Information shown:
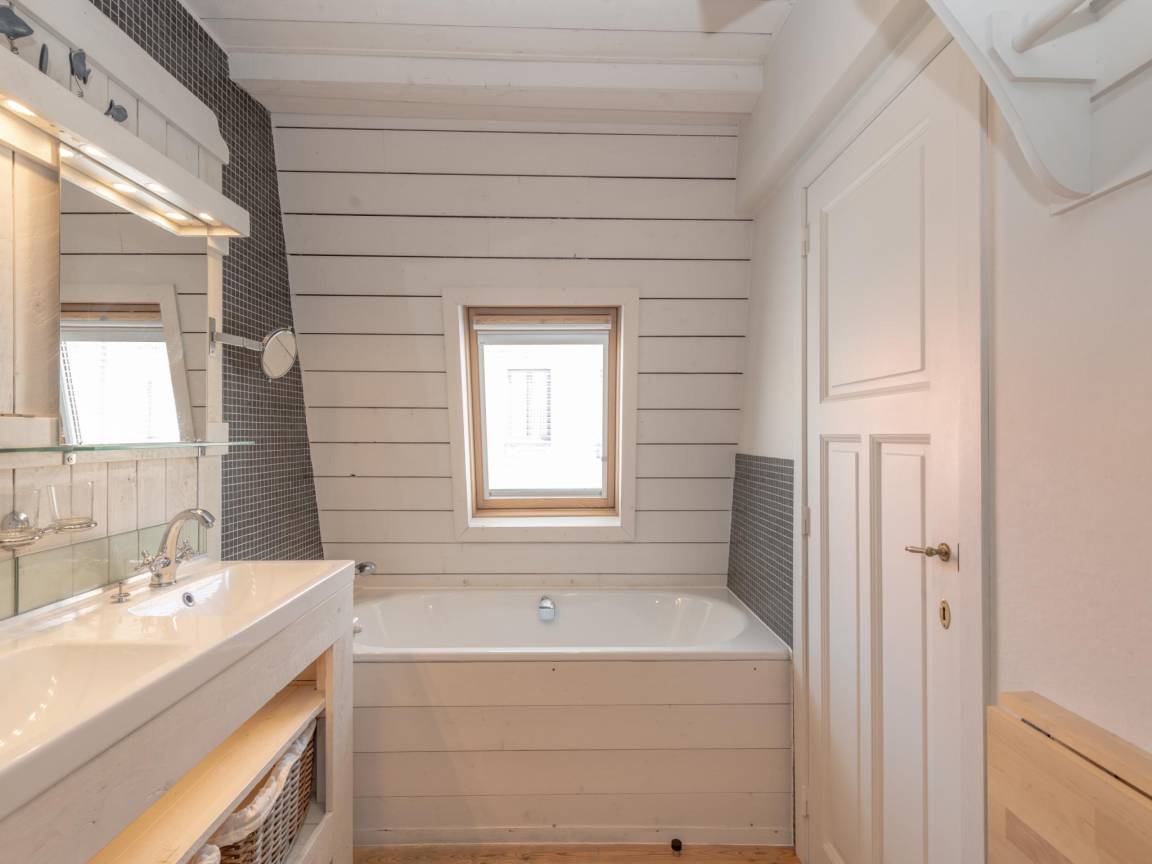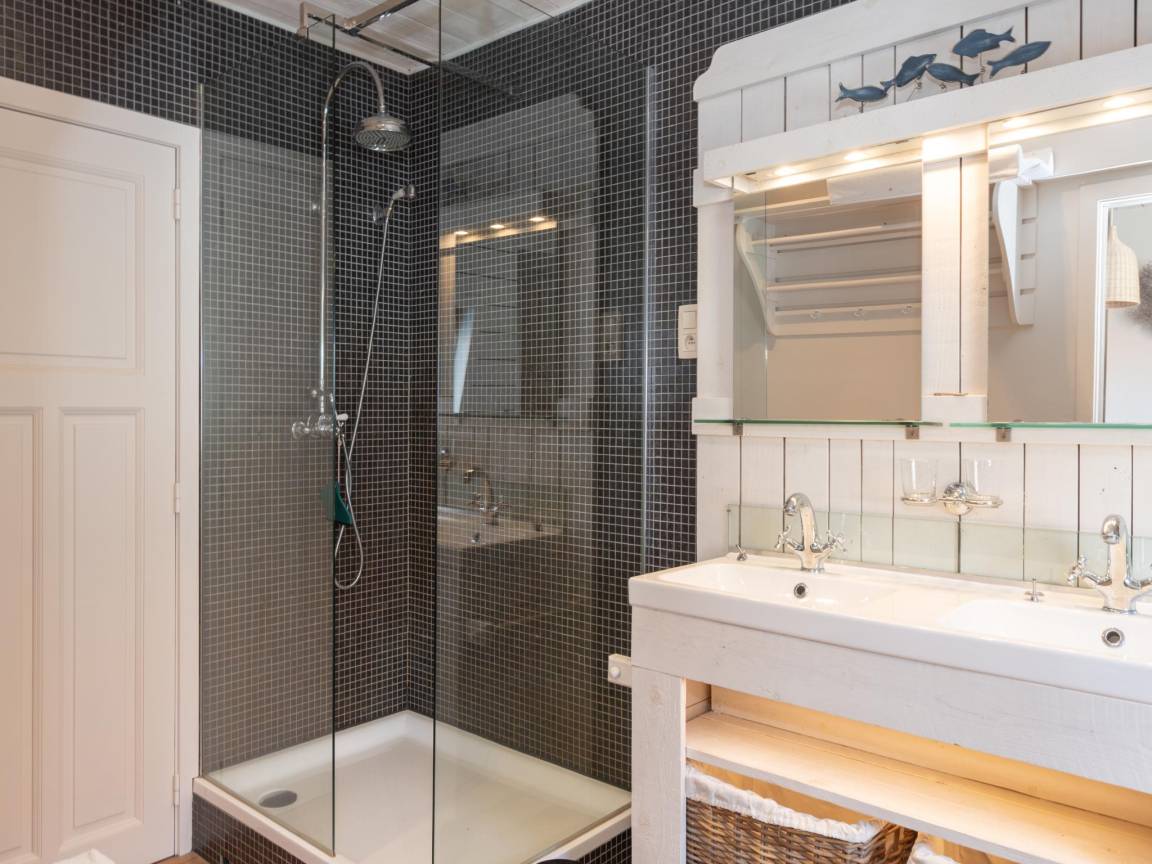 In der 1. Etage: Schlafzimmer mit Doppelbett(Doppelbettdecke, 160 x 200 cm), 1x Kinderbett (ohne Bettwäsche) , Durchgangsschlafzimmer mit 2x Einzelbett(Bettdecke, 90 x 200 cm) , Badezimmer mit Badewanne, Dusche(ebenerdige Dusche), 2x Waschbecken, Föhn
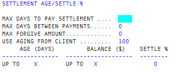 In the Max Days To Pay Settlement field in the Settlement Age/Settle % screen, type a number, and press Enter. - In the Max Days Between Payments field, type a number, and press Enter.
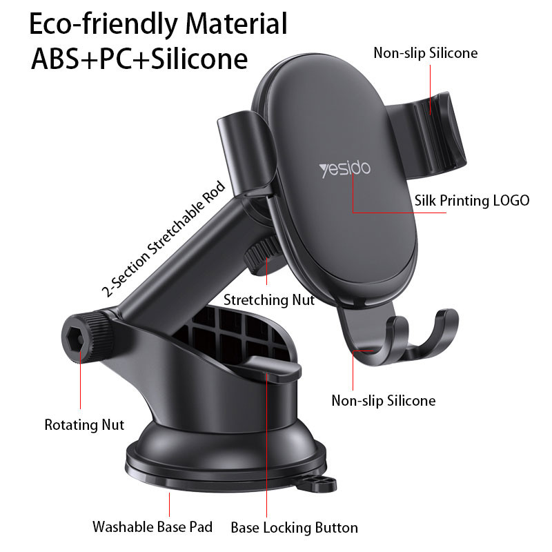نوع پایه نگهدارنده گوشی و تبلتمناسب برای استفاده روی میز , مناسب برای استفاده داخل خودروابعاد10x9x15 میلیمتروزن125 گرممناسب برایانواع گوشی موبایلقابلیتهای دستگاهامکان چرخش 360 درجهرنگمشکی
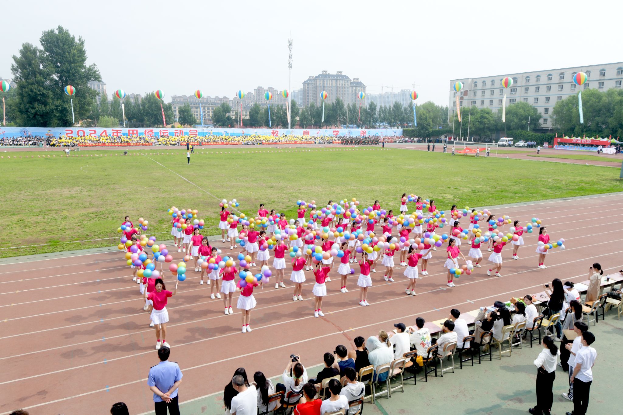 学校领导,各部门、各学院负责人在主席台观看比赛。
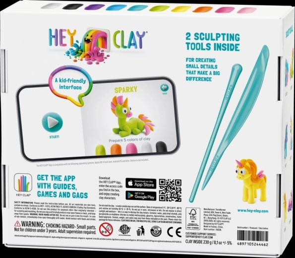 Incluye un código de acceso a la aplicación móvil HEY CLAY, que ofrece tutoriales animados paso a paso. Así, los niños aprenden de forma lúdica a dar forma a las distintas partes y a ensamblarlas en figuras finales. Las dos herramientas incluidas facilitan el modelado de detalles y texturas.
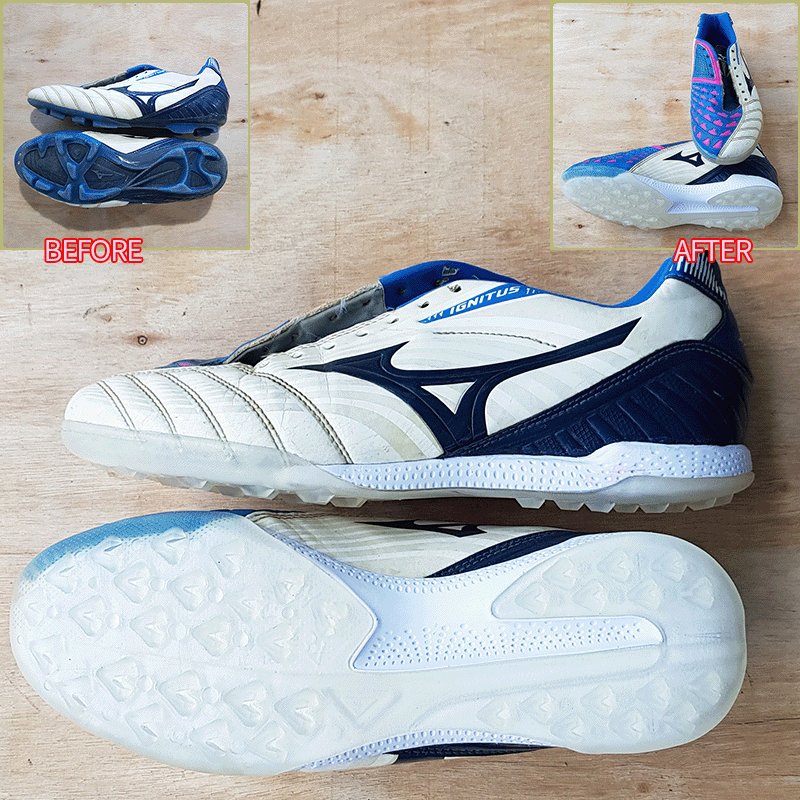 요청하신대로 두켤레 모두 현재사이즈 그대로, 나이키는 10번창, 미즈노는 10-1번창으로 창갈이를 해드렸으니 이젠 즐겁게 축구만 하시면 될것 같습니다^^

Task details:
Repeat exactly the lines above, from the line that contains "In the Max Days To" down through the line that contains "Incluye un código". Include both of those lines and none of the pictures.

Output for this task:
 In the Max Days To Pay Settlement field in the Settlement Age/Settle % screen, type a number, and press Enter. - In the Max Days Between Payments field, type a number, and press Enter.
نوع پایه نگهدارنده گوشی و تبلتمناسب برای استفاده روی میز , مناسب برای استفاده داخل خودروابعاد10x9x15 میلیمتروزن125 گرممناسب برایانواع گوشی موبایلقابلیتهای دستگاهامکان چرخش 360 درجهرنگمشکی
 学校领导,各部门、各学院负责人在主席台观看比赛。
 Incluye un código de acceso a la aplicación móvil HEY CLAY, que ofrece tutoriales animados paso a paso. Así, los niños aprenden de forma lúdica a dar forma a las distintas partes y a ensamblarlas en figuras finales. Las dos herramientas incluidas facilitan el modelado de detalles y texturas.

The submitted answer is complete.